» **TRY IT**: Your answer should hold only the lines from the start of the data below through the line with "卖掉华天科技,开始做广州发展,目前仓位1/3。", copied exactly, with pictures left out.

» **EXERCISE DATA**:
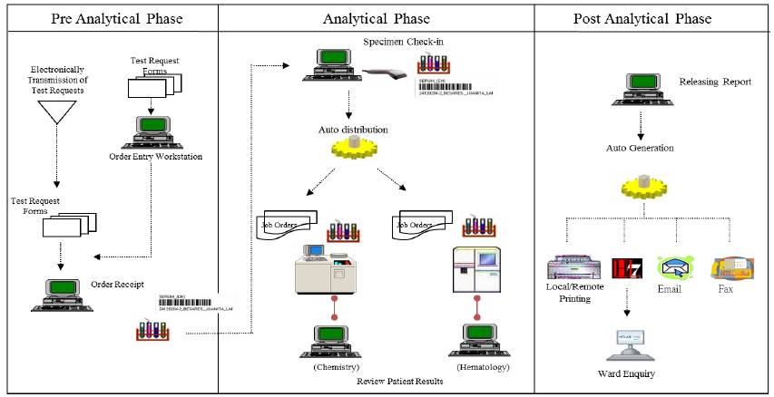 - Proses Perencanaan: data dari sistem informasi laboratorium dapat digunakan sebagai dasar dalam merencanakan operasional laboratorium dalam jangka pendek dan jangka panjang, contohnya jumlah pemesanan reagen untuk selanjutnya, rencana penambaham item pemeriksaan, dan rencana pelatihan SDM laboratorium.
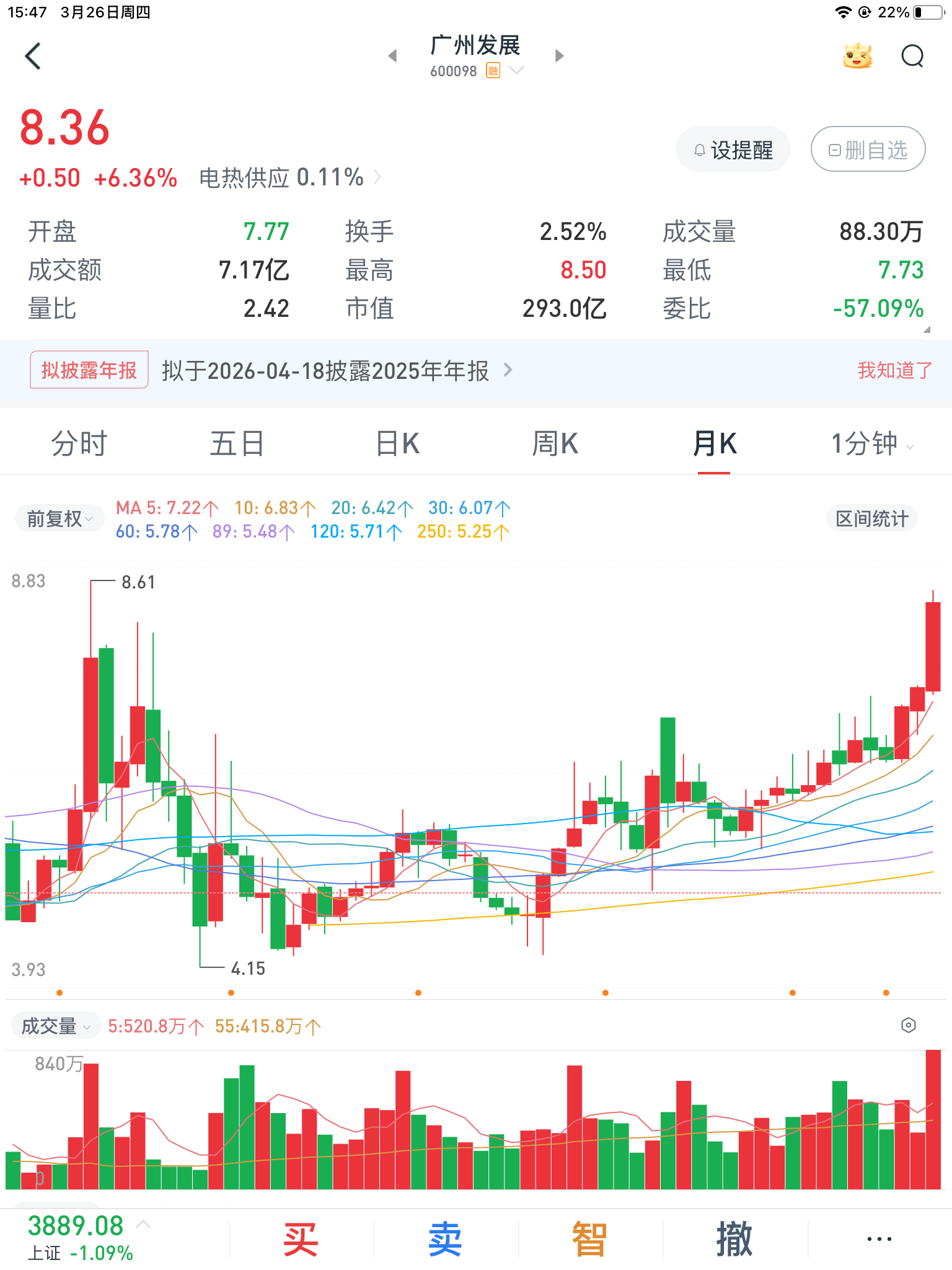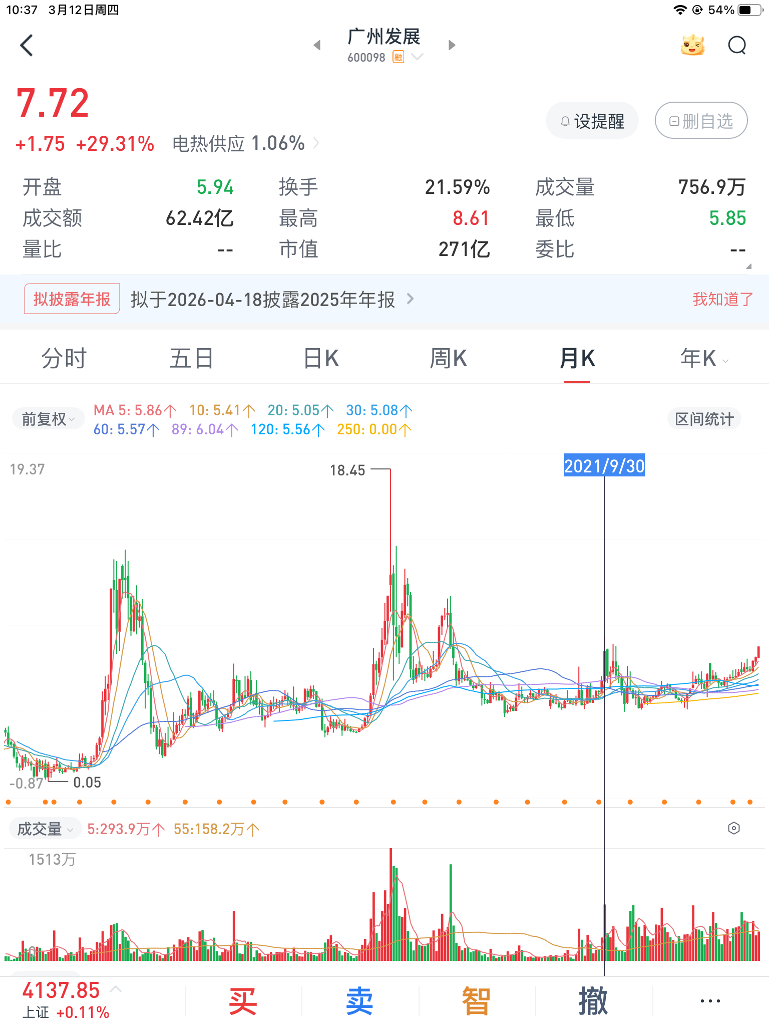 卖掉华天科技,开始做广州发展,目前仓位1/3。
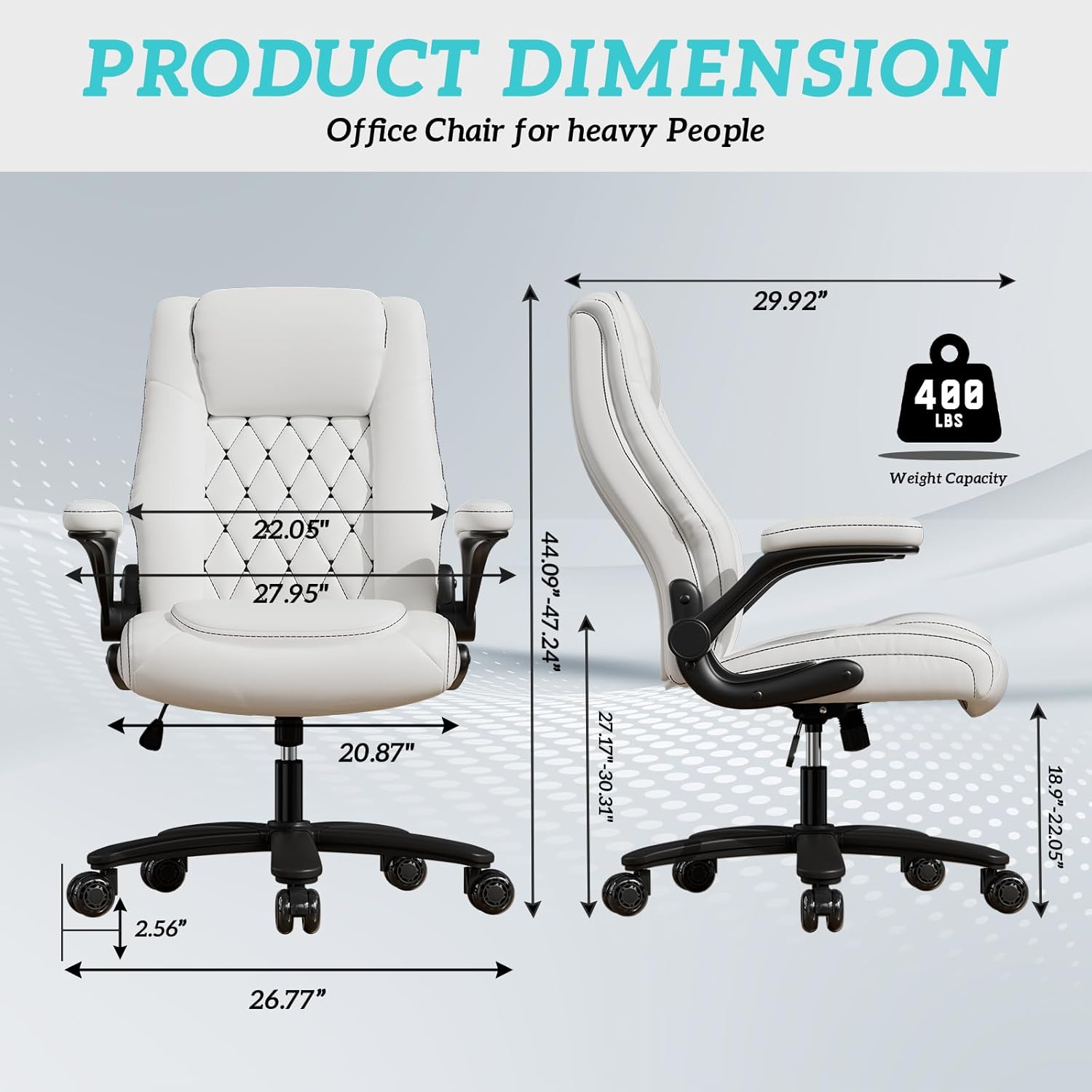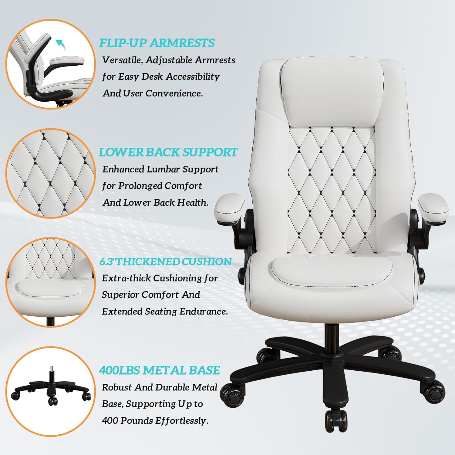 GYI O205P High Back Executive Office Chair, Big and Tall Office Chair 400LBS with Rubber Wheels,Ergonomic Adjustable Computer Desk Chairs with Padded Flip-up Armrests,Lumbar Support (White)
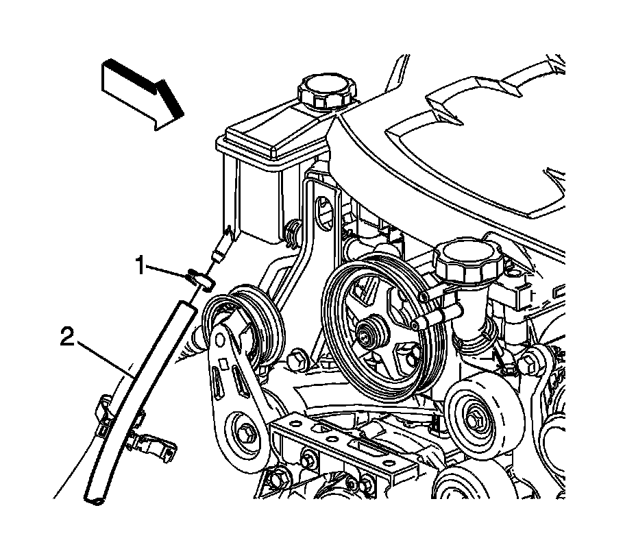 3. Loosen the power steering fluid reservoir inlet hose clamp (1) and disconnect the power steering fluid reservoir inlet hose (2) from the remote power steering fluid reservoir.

» **SOLUTION**:
 - Proses Perencanaan: data dari sistem informasi laboratorium dapat digunakan sebagai dasar dalam merencanakan operasional laboratorium dalam jangka pendek dan jangka panjang, contohnya jumlah pemesanan reagen untuk selanjutnya, rencana penambaham item pemeriksaan, dan rencana pelatihan SDM laboratorium.
 卖掉华天科技,开始做广州发展,目前仓位1/3。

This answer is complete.